A few years ago, I was lucky enough to land a fairly good job at one of the large media groups in the UK, based at the end of Blackfriars Bridge. That's the bridge in the photo, and the office I worked in would have been just to the right. Thirteenth floor, and curtain walled with an amazing floor to ceiling window that looked out onto the river. The building in the middle of the photo is the Tate Modern, which was a couple of minutes walk away, and for one reason or another it came up in a conversation yesterday and got me thinking that it's about time I paid it another visit. I used to go quite regularly, and once I went there on a Sunday afternoon on a first date with a woman I'd spoken to a few times but never met before. She asked me if I'd seen
The Weather Project by Olafur Eliasson, the fourth in the annual Unilever Series of commissions for the Turbine Hall. When I said that I hadn't she was beside herself with excitement.

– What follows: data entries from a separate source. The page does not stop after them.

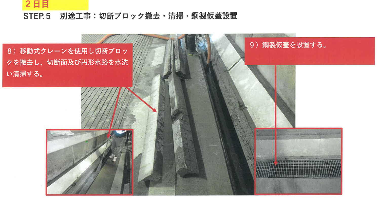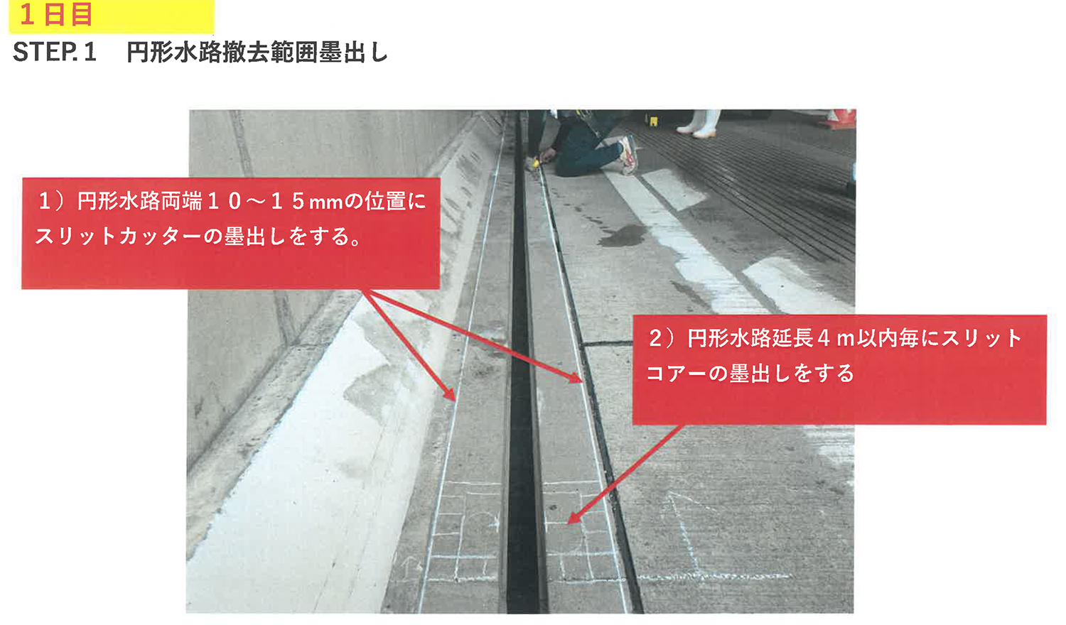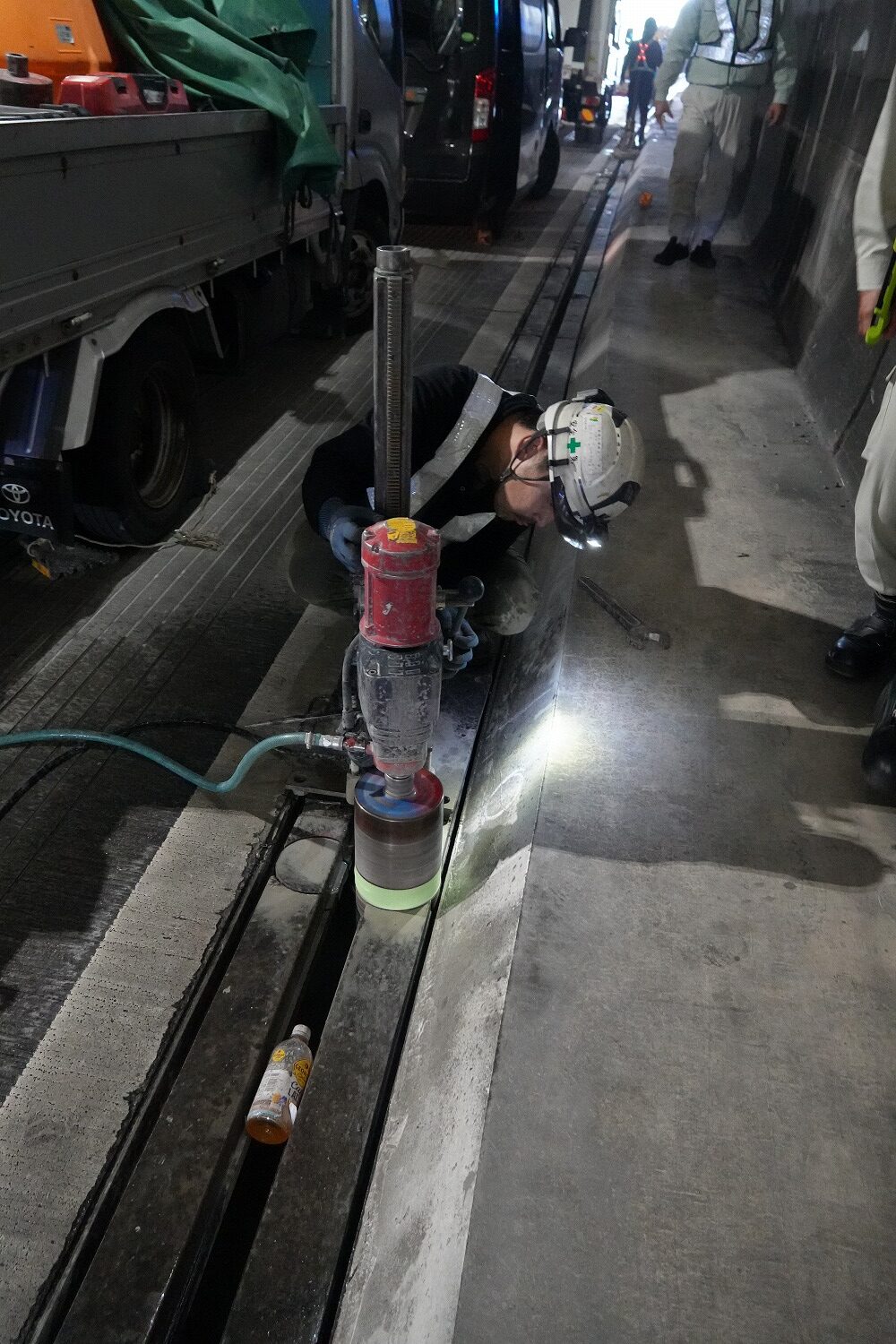 施工は昼間(9時~17時)に1車線を規制して行う。まず、ワイヤーソーのダイヤモンドワイヤーを入れるための溝をつくるため、ロードカッターにより深さ150mmほど円形水路の両側に鉛直の溝を入れる。その際は10~30mmの側壁をあえて残す形で施工する。これは路盤や土砂の崩れを止める土留めとするためである。トンネルの際ぎりぎりまでを施工するため、ロードカッターに用いるダイヤモンドブレードの留め方も工夫しており、従来の大型ナットではなく、頭高の低いボルト6本で止める方法(フラッシュカット)を採用して施工した。次いで、φ160mmのコアカッターでワイヤーソーのプーリーを設置するためのコア削孔とベビーチッパーによる斫りを行い、プーリーを作成した開口部に設置する。
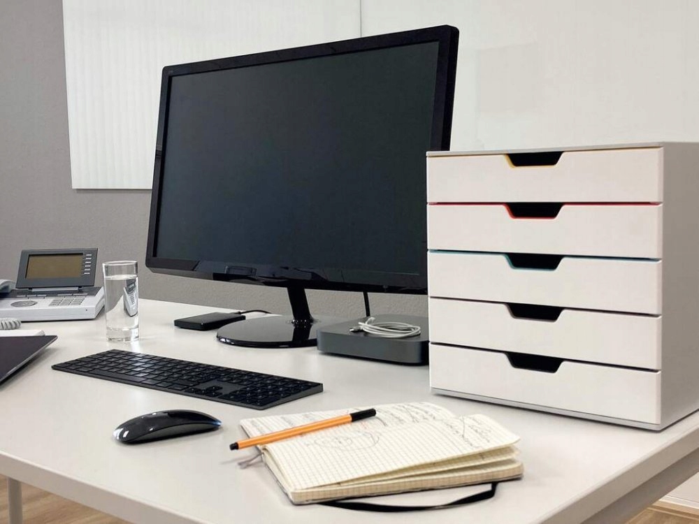 - Контейнер с 5 яркими ящиками из качественного пластика, помогающий систематизировать документы.
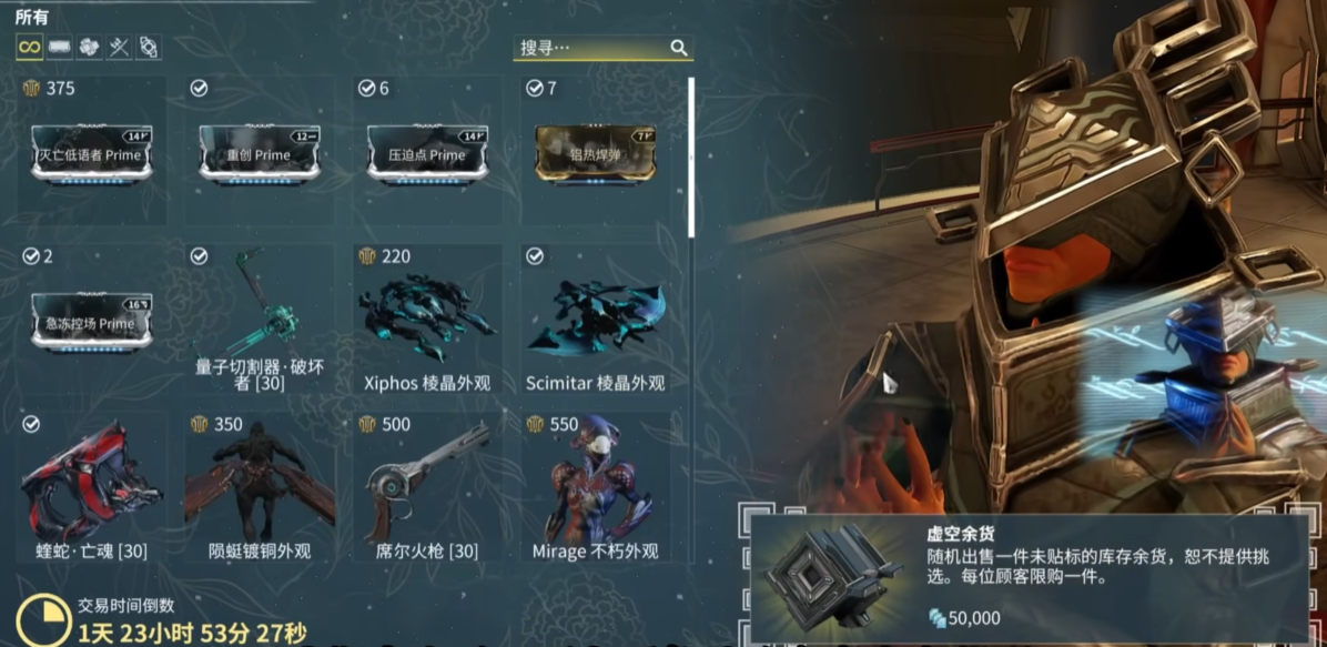 虚空商人提供的商品种类丰富,主要包括传说品质的振幅晶体(Prime Mod)、稀有武器变体、战甲外观和装饰品。Prime Mod是普通Mod的强化版本,属性更优但升级成本更高,例如持久力P、川流不息P等。武器方面,他可能携带棱晶、破坏者或亡魂系列武器,这些武器通常比原版拥有更高的基础属性或独特特效。他还会出售战甲配件、披风、飞船装饰等外观物品,部分商品具有限时独占性。
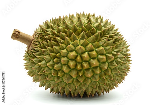 durian, fruit, spike, shell, tropical, food, asian, ripe, sweet, exotic, delicious, isolated, closeup, green, white, background, texture, healthy, fresh, nature, macro, single, stem, whole
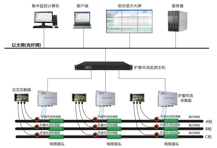 ACS210電纜護(hù)套環(huán)流監(jiān)測(cè)系統(tǒng)由護(hù)套環(huán)流傳感器、護(hù)套環(huán)流采集器等組成,適用于6.6kV及以上的輸配電力電纜護(hù)套環(huán)流在線監(jiān)測(cè),能實(shí)時(shí)監(jiān)測(cè)高壓電纜線路接地電流異常情況,還可降低電纜線路交叉互聯(lián)線、接地線、交叉互聯(lián)箱、接地箱等被盜的風(fēng)險(xiǎn)。支持遠(yuǎn)程查看功能,給維護(hù)人員手持式設(shè)備上發(fā)送實(shí)時(shí)監(jiān)測(cè)數(shù)據(jù)。很大程度上減少了電纜運(yùn)行維護(hù)人員的工作量,對(duì)電流異常的檢測(cè)點(diǎn),能夠做到實(shí)時(shí)關(guān)注,達(dá)到預(yù)防突發(fā)事故的目的。
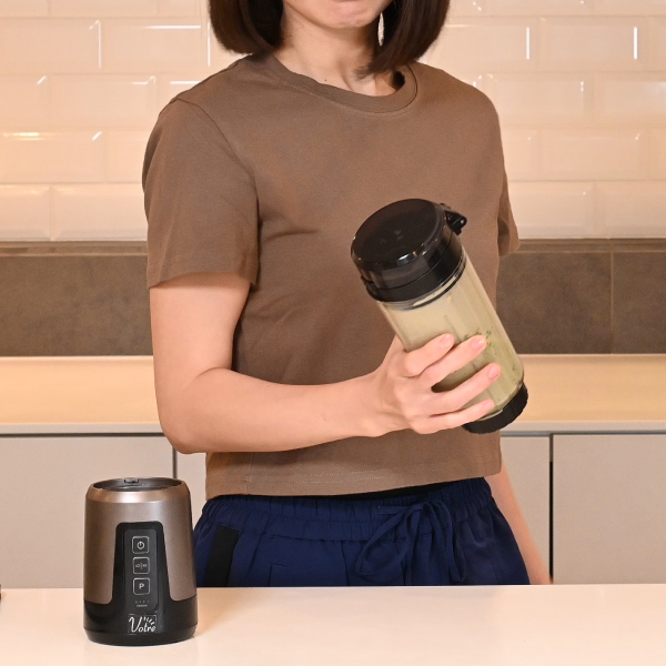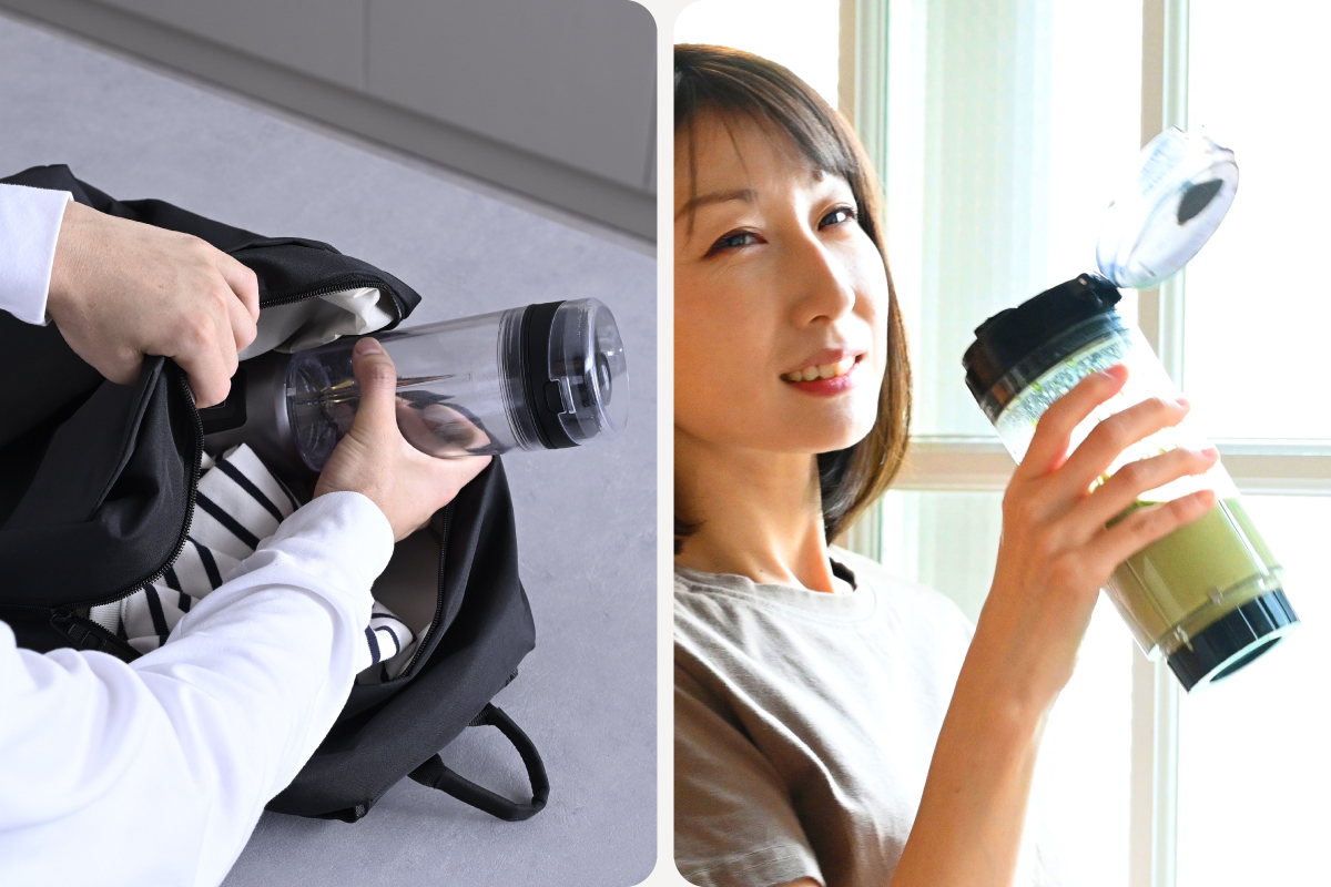 外出先でも使える充電式のコードレスタンブラーミキサーです。本体からボトル部分を取り外すことでタンブラーとして持ち運べます。

I drove there after picking her up, and as we parked she reached into her handbag and pulled out a spliff. "If you haven't seen it before" she said, "you just have to be stoned. Trust me." So we sat in the car for a while, smoking and generally getting rather giggly, and then went inside, and down the ramp into the Turbine Hall.
Where I just stopped dead in my tracks. The hall was filled with a gentle machine-hum, and the soft orange radience from the "sun" on the far wall gave the atmosphere an almost surreal feel. I'm not sure if it was because we were stoned, but the feeling of complete calm was unlike anything I'd experienced before. It was awe-inspiring.
You may not have noticed from the photograph above, but at a point half-way up the sun,
there was a suspended mirrored ceiling, creating the impression of a complete circle and providing a view of the entire hall for anyone who glanced up. So overpowering was the desire to look at the mirrored image above that almost everybody found themselves laying on the floor, staring up and losing themselves in the totality of the experience. My date and I lay down and didn't move for nearly two hours, chatting about anything and everything but really not caring too much. It was without any shadow of doubt the strangest, and the best, first date I've ever had.
My relationship with this woman became even stranger, it has to be said. On our third date, she came round for dinner, and it was no real surprise that, after a bottle or two of wine, we ended up ascending the stairs at some point in the evening. (In fact, when I suggested it she looked heavenwards and said "Thank you, God", which was, at least, indicative of a degree of enthusiasm.) I lay on the bed as she slowly undressed, and then - as she stood naked before me - she looked me straight in the eye and said "Now don't have a fright at what I'm about to do...". And with that, she shook her amazingly long, lustrous blonde curls and then carefully lifted them from her head, revealing a dark brown crop beneath. No more than a number 2 clipper in hairdressing terms, at most. I was completely astonished, and then incredibly aroused... and that night will go down in history as one of my wildest ever. And there have been some wild ones, believe you me.
Unfortunately, things didn't quite work out for us in the longer term, but I still look back at those experiences with a smile on my face.
And I really must check what's showing at the Tate Modern, which is, of course, where I started this post.